Mexico Declares Bird Flu 'Emergency'
The Mexican government declared a national animal health emergency on Monday in the face of an aggressive bird flu epidemic that has infected nearly 1.7 million poultry.
More than half the infected birds have died or been culled, the agriculture ministry said of an epidemic that was confirmed on Friday by the U.N.'s Food and Agriculture Organization (FAO).
"We have activated a national animal health emergency... with the goal of diagnosing, preventing, controlling and eradicating the Type A, sub-type H7N3 bird flu virus," the ministry said.
Health officials keep a close watch on such outbreaks in Mexico since so-called swine flu began there in 2009. The H1N1 virus spread into a global pandemic that claimed the lives of 17,000 people.
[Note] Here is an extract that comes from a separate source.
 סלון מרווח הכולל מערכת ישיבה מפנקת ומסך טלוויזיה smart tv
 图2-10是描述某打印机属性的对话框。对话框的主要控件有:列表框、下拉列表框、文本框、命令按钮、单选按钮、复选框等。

The virus responsible for Mexico's current bird flu outbreak, H7N3, has occasionally caused human disease in various parts of the world, according to the U.N., but has not shown itself to be easily transmittable between humans.
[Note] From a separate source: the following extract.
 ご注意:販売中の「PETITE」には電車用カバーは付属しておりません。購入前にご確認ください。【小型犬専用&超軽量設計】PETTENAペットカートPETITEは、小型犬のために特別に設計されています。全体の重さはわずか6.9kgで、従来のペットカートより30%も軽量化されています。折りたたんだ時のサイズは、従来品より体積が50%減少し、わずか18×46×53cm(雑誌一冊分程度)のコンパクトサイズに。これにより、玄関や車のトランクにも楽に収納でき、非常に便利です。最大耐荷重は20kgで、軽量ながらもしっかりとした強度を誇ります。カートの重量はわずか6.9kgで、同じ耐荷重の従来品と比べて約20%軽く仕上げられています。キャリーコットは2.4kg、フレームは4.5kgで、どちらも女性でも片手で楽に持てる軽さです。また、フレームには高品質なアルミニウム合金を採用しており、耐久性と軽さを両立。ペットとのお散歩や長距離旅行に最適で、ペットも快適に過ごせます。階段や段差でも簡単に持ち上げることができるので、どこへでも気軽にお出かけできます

The outbreak was first detected on June 20. The FAO reported on Friday that 1.7 million birds had been contaminated and 870,000 had died at 10 breeding farms in the western state of Jalisco.
The emergency declaration on Monday included provisions for quarantine, slaughter, vaccination, and the destruction of infected products.
The agriculture ministry said poultry farming "contributes up to 40 percent of the total volume" of the country's livestock production, and the "economic loss" from this epidemic "is and will be irreparable."